What I would like to know is - how many people actually do need it? I imagine Akka.NET is a lot closer to something enterprises need than Octokit, and I want to be sensitive to that. But strong-naming comes at a steep cost for everyone else who doesn't need it.

If we play our cards right, this could be more epic than async await.

@kekekeks + @nvivo whats your oppinions on this topic? :D

People can go and compile the source with or without the strong name, if they wish so.
The problem comes with dependency mechanism. aka nuget. Nuget does allow only one type of dependency, and I think it would be better to go bug nuget guys to add a flag for signed/unsigned.

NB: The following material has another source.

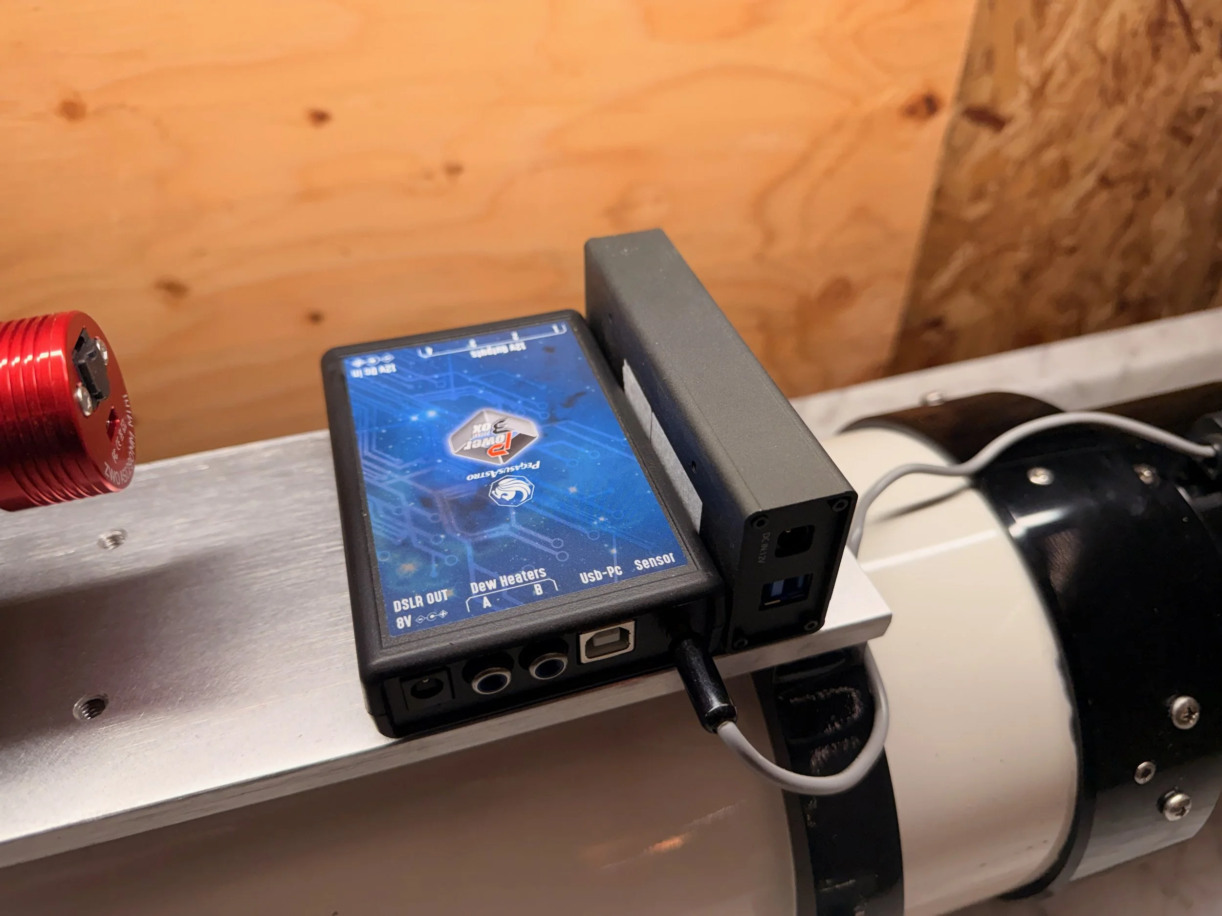 I chose to mount it on the side so that nothing made the scope “taller.” I use the white Cable-Wraps to mount it onto the scope, and then quickly plug in the 12v power supply wire and the USB cable. Fortunately, I had an extra USB port and an unused 12v plug on my Powerbox.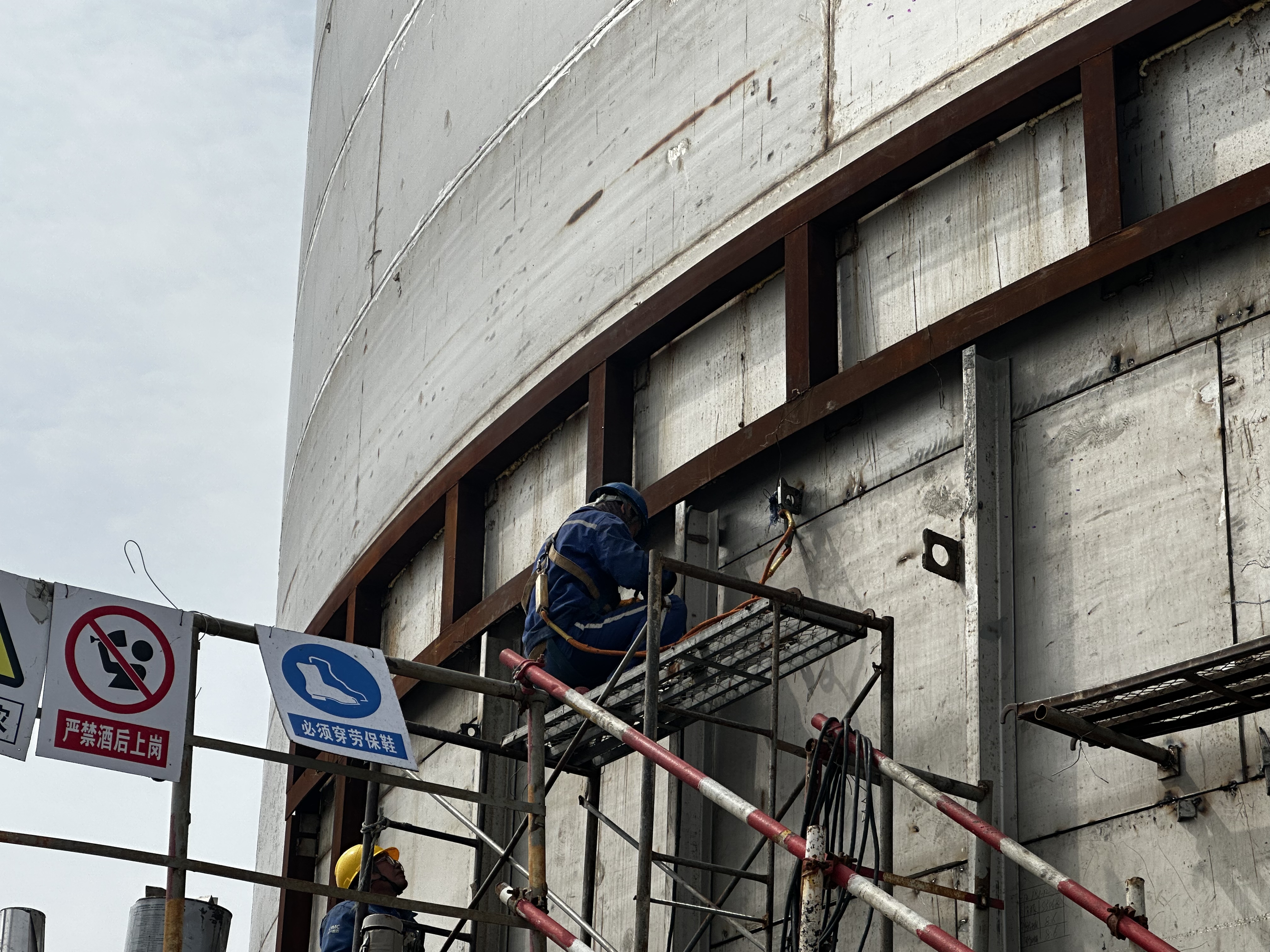 3月28日上午,隨著(zhù)外容器最后一張鋼板焊接完成,交通控股集團權屬物流集團LNG儲配站項目20000m3LNG儲罐成功封罐,儲罐安裝工作全部完成,標志著(zhù)LNG儲配站項目正式進(jìn)入了沖刺收尾階段。

Yeah, this signed dependency is a pain. Honestly, I have mixed feelings about it, but I'd favor giving people a signed assembly somehow, even if that means polluting nuget with 2 packages of each. IMO, adoption is more important than preferences at this point.

Things change all the time, if you're not too religious about that, I'd vote for having alternative "*-Signed" packages and see how many people use that. At some point if that is worth it and don't hurt anyone, just make everything signed.

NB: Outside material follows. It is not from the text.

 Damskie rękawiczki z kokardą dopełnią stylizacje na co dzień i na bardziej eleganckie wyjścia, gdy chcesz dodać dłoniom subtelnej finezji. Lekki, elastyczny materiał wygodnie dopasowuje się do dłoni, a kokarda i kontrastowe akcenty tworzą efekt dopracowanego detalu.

BTW, thanks for including me just to see if I could help to start a fight. That's a lot of consideration. I'll remember that Roger. =)

I don't see why we can't just sign it and include strong-naming key in the repo. Build process won't be broken anywhere and those "I WANT STRONG NAEMD ASSEMBLY!!!111" guys will be happy.

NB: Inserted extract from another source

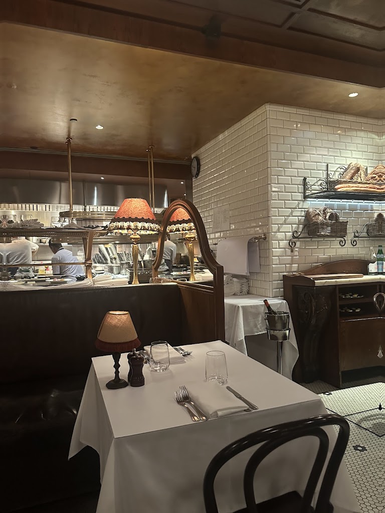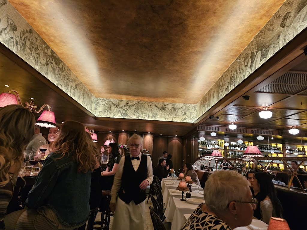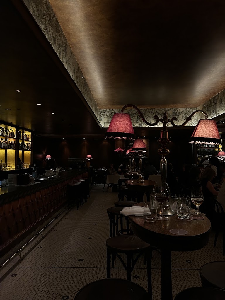 A wonderful place! The hustle and bustle, decor, crisp white linen, and waiting staff uniforms lend it a strong Parisian night out vibe. Service, food and wine also top notch. Bonus: as single diner I wasnt shoved off into some corner.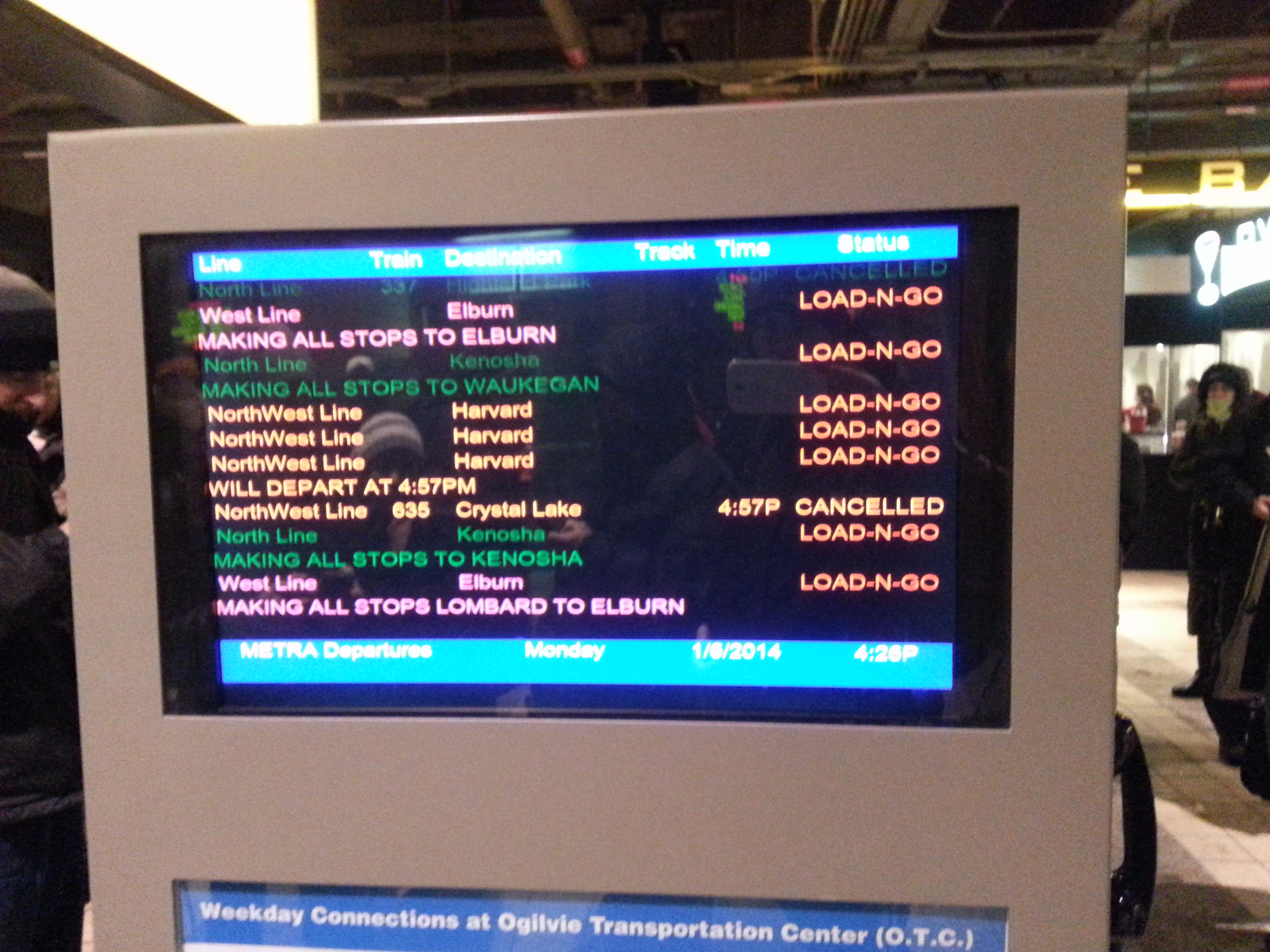 Anyway, as many of you know it was bitter cold, so we threw on our swants and figured everything would be okay, and it was (and our important parts kept very warm). Until the afternoon. See, we ride the suburban commuter trains here in Chicagoland, which have been kept secret from most America until now. In the recent book “We Apologize for the Inconvenience,” undercover agents exposed the off-book, black ops organization operating out of Chicago known as METRA. As the picture above notes, METRA has pretty much no idea what they are doing, which probably explains all the secrecy. There were no tracks or departure times assigned to any of the trains leaving to take us hardworking Americans home yesterday afternoon, only a curious status for each train. But it turns out that METRA knew what they were doing all along. This confused train schedule was actually by design. In an effort to be both economically sound and environmentally conscious, the good folks at METRA finally broke out their ultra-secret LOAD-N-GO initiative.

For "some library I'm using has referenced an earlier version of Akka" issues there is binding redirect which is added to app.config/web.config automatically by NuGet.

And that "freeze assembly version number approach" from octokit discussion fits nicely with this.

I don't have a strong opinion on this issue. But if we are going strong name: I vote for only having 1 nuget package, and freezing the assembly version number.

Although I really think that SN as it is now will change in the future.

I'm almost positive that strong naming as we know it is going to be deprecated in the near future.

That being said, I want to support our fellow homies who have strong naming needs.

I'd like to propose that we offer a separate nuget packages with strong naming support. Seems to be what RestSharp and other large libraries are doing. We can add this to our build process.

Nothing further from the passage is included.